# Newbie form



## PLINKING.40 (Mar 4, 2010)

just my $.02, But (just me) I would get your first knuckle under your ear in to that Divet behind your jaw (anchor point) and put a slight bend in your bow arm, not strighten out, plus lower risk of maybe Slapping the inside of your arm with the string, Ouch.! That is probbly what it's doing, My Pro, Bruce asked me the same thing. If I had a problem with my watch if it was ever getting hit" I wear a Big Fat Seiko, That's why I bend my arm at a 5-6*deg. and it takes a lot of shock out of the bow and your arm, I have a 31.05 DL,
You might have to shorten your DL to do this...


----------



## Rover (Nov 28, 2009)

I am neither a coach nor an expert. However, to me, it looks like your release stem is too long. It appears that your trigger is seated too far on the distal end of your index finger. When my release was like this, it caused a lot of trigger punching. If your stem is adjustable, you could probably afford to shorten it so that the trigger rests somewhere on the second knuckle.


----------



## karbyn (Dec 29, 2009)

Thanks for the pointers on the anchor and my trigger guys, the more I look at the picture the worse my release hand looks. I've been mostly paying attention to my grip and will now work on my release hand. I have been thinking about shortening up the draw by .5 or so...unfortunately on a side note the FS section is fresh out of CP 2.5's if anyone has a lead on a set of those.....


----------



## Rover (Nov 28, 2009)

My above comment was assuming you maintained your same anchor point.
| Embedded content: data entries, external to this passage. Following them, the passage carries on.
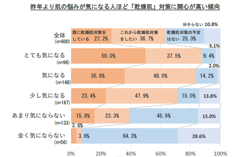 また、36.7%が「乾燥肌」対策はこれから行いたいと考えており、昨年より肌の悩みを感じている人ほど「乾燥肌」対策に関心が高い結果となった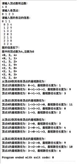 // 求所有顶点之间的最短路径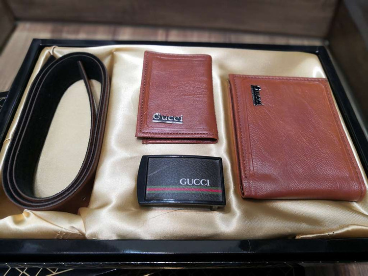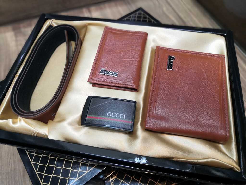 خرید ست کیف پول جیبی 3 تیکه چرم مصنوعی برند گوچی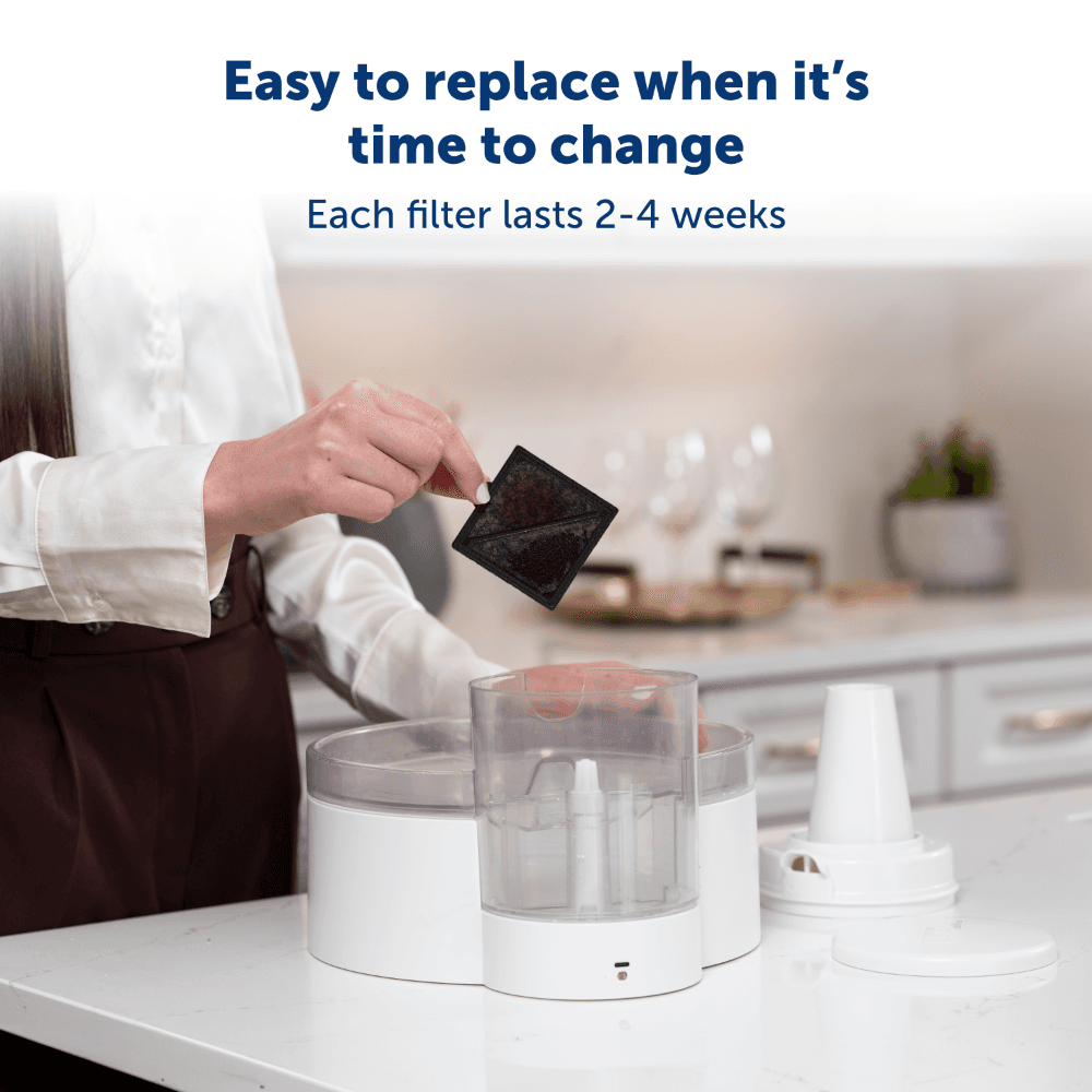 The PetSafe Ion-X Pet Fountain Filters uses a sophisticated dual-filtration system to ensure your pet’s drinking water is always soft, clean, and appealing. These replacement components are essential for maintaining the performance of your hydration system and help your pet stay healthy and happy by removing impurities.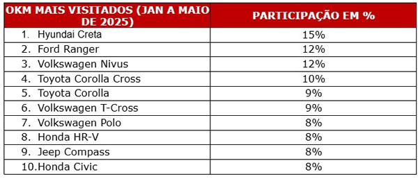 Entre os modelos 0KM que mais receberam visitas nos cinco primeiros meses de 2025, destaque para o Hyundai Creta, com 15% de participação entre os 10 mais visitados. Na sequência, estão Ford Ranger (12%), Volkswagen Nivus (12%), Toyota Corolla Cross (10%), Toyota Corolla (9%), Volkswagen T-Cross (9%), Volkswagen Polo (8%), Honda HR-V (8%), Jeep Compass (8%) e Honda Civic (8%).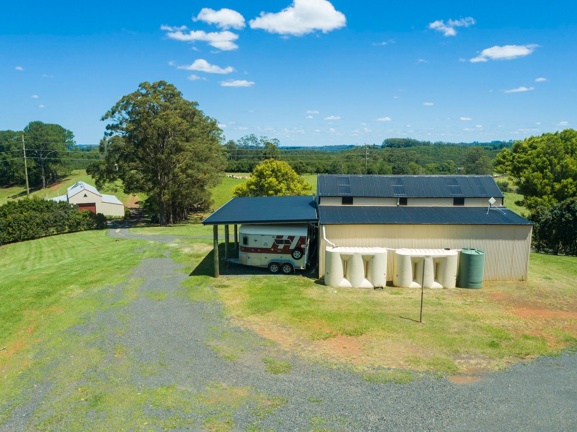 Enter the property through a long driveway that meanders past the rolling paddocks and dams leading to the infrastructure, abundant water with a creek 2 spring-fed dams and 1x5000ltr and 2x 2500 water tanks with the added bonus of town water. The choice is yours -run horses, cattle or any livestock, set up agricultural/ horticultural pursuits, farm stay, home office or dual family. living.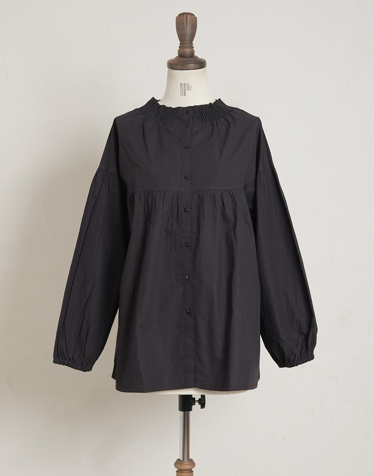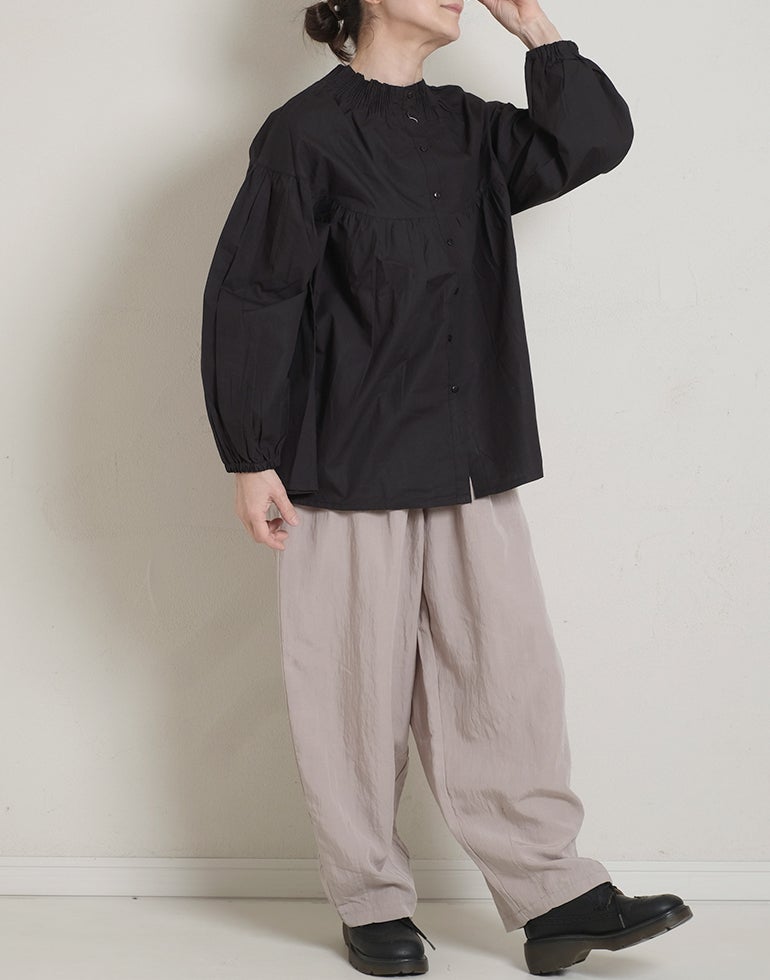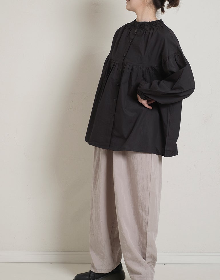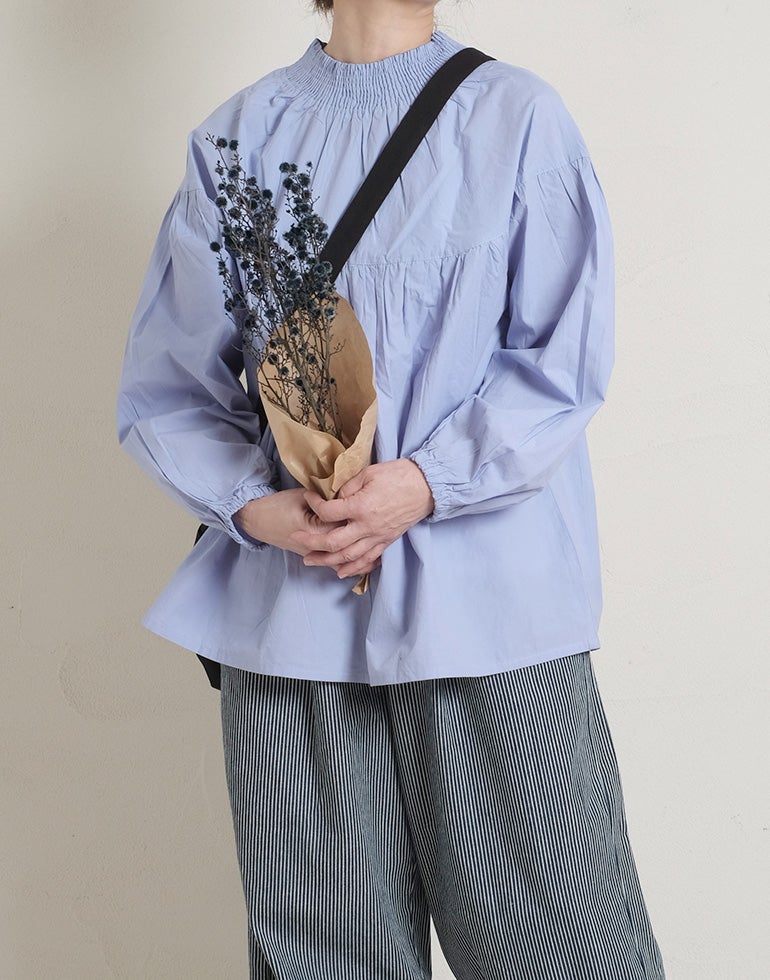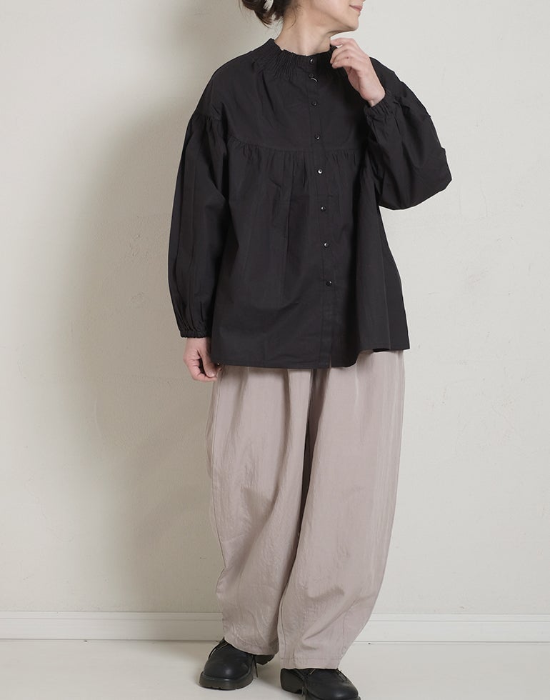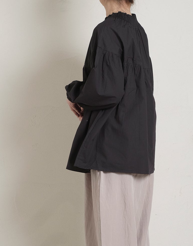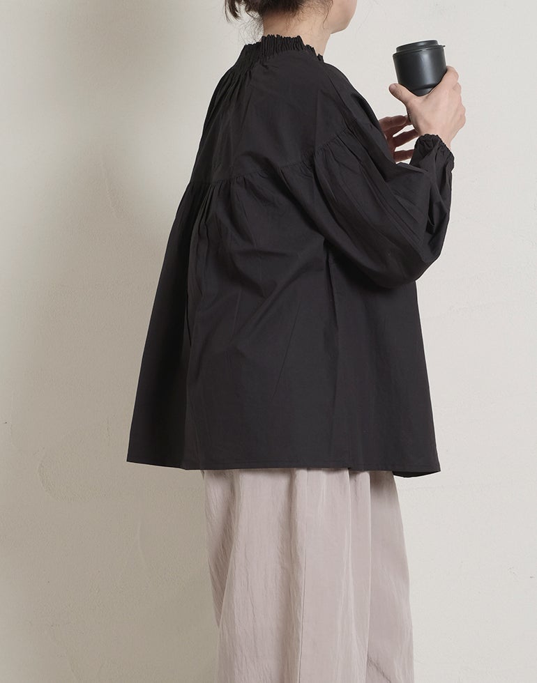 柔らかくしなやかで上品な光沢感のあるポプリンコットン素材。襟ぐりはゴムシャーリングになっており着脱も楽です。ゆとりのある身幅にヨーク切替ギャザーでふんわりとしたボリューム感のある大人可愛い印象に。袖口ゴムなので袖の長さ調節も気軽にでき、ふんわりとしたパフスリーブ風シルエットにもなってくれます。前後着用可能、前開きにして羽織としてもOK!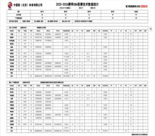 2025-2026赛季CBA通例赛第二十七轮 ,辽宁本钢对阵广州朗肽海本的角逐于18日晚在辽宁体育馆举行 ,辽宁本钢队最终以97:86击败广州朗肽海本 ,豪取“六连胜”。

If, however, you adjusted it like Plinking said, then maybe your right hand would flatten out a bit. This might result in your index finger reaching the trigger at a less vertical angle, thus potentially placing the trigger further back on your index finger. Either way, I got a lot more accurate and precise after I moved the trigger back to the medial phalange.


----------



## PLINKING.40 (Mar 4, 2010)

*+2*

Like Rover said I did see that too, Your release need to be shorten up and it might give you enough to then bend you bow elbow out a little, plus it helps not Pull a shot,


----------



## karbyn (Dec 29, 2009)

*Improvement!*

Well guys, I slightly adjusted my release about a half inch back...and results are telling...It is slightly more comfortable and I feel like I can get a little more bend in my bow arm doing this. I lowered my anchor to behind my ear and this is a much more comfortable position than I was in...not to mention an actual reference point for every shot....couldnt get a picture of the form after the release changes as the wife isn't home today, but a first for me that I could take a picture of....


----------



## PLINKING.40 (Mar 4, 2010)

Nice...!


----------



## Rover (Nov 28, 2009)

*+1*

Great news! Good luck.


----------



## mike 66 (Jan 21, 2010)

*i see this....*

bow hand , with bad grip. trigger finger looks like its stressed out. release hand, little low, not bad. over all form not bad.you need a new grip w/ bow hand..:director:


----------